*DATASET CONTENT*
.....

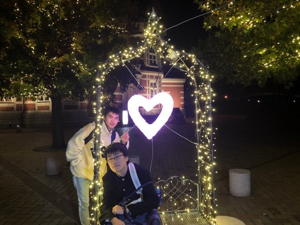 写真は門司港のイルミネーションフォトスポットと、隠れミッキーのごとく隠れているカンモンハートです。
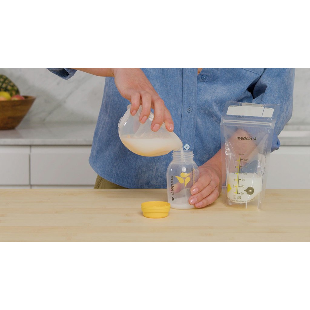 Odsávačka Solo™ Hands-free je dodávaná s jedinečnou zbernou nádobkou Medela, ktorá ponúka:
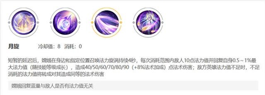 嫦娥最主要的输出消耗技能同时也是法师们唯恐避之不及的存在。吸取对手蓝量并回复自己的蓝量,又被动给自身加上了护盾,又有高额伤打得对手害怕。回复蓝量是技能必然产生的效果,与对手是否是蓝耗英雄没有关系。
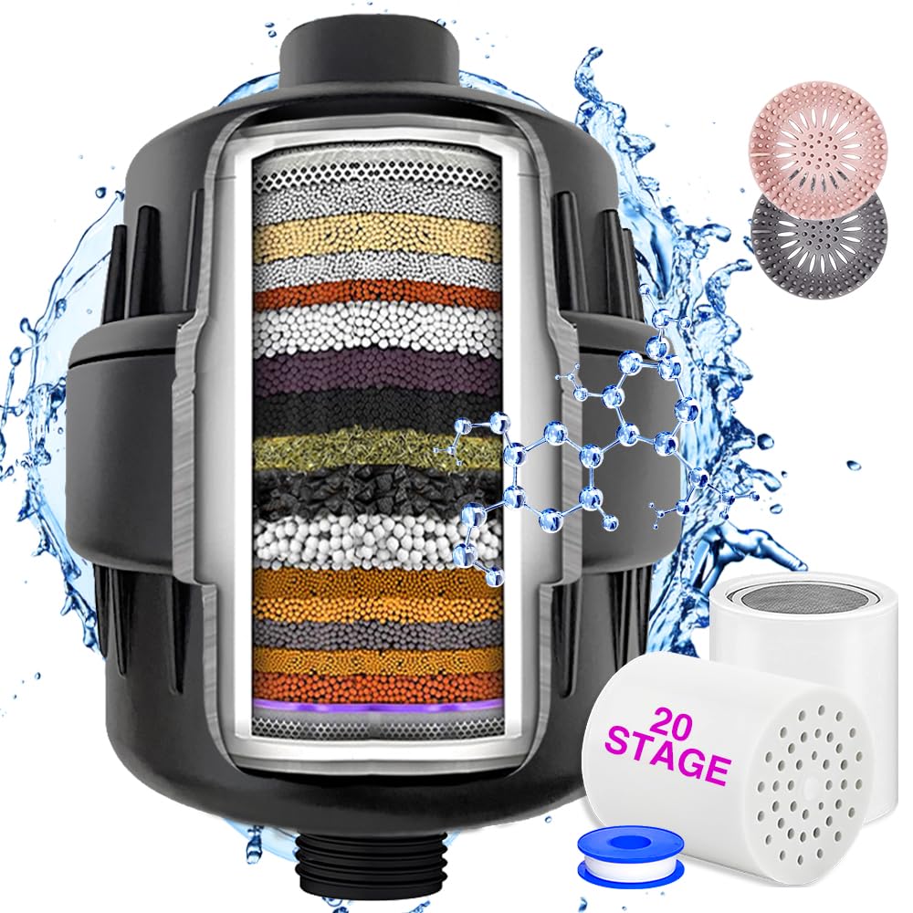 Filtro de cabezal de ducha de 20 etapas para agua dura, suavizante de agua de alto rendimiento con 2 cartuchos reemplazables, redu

.....

*WORK REQUEST*
Starting at the line with "Odsávačka Solo™ Hands-free", transcribe the listing above exactly through its last line. No picture belongs in the transcription.

*YOUR SOLUTION*
 Odsávačka Solo™ Hands-free je dodávaná s jedinečnou zbernou nádobkou Medela, ktorá ponúka:
 嫦娥最主要的输出消耗技能同时也是法师们唯恐避之不及的存在。吸取对手蓝量并回复自己的蓝量,又被动给自身加上了护盾,又有高额伤打得对手害怕。回复蓝量是技能必然产生的效果,与对手是否是蓝耗英雄没有关系。
 Filtro de cabezal de ducha de 20 etapas para agua dura, suavizante de agua de alto rendimiento con 2 cartuchos reemplazables, redu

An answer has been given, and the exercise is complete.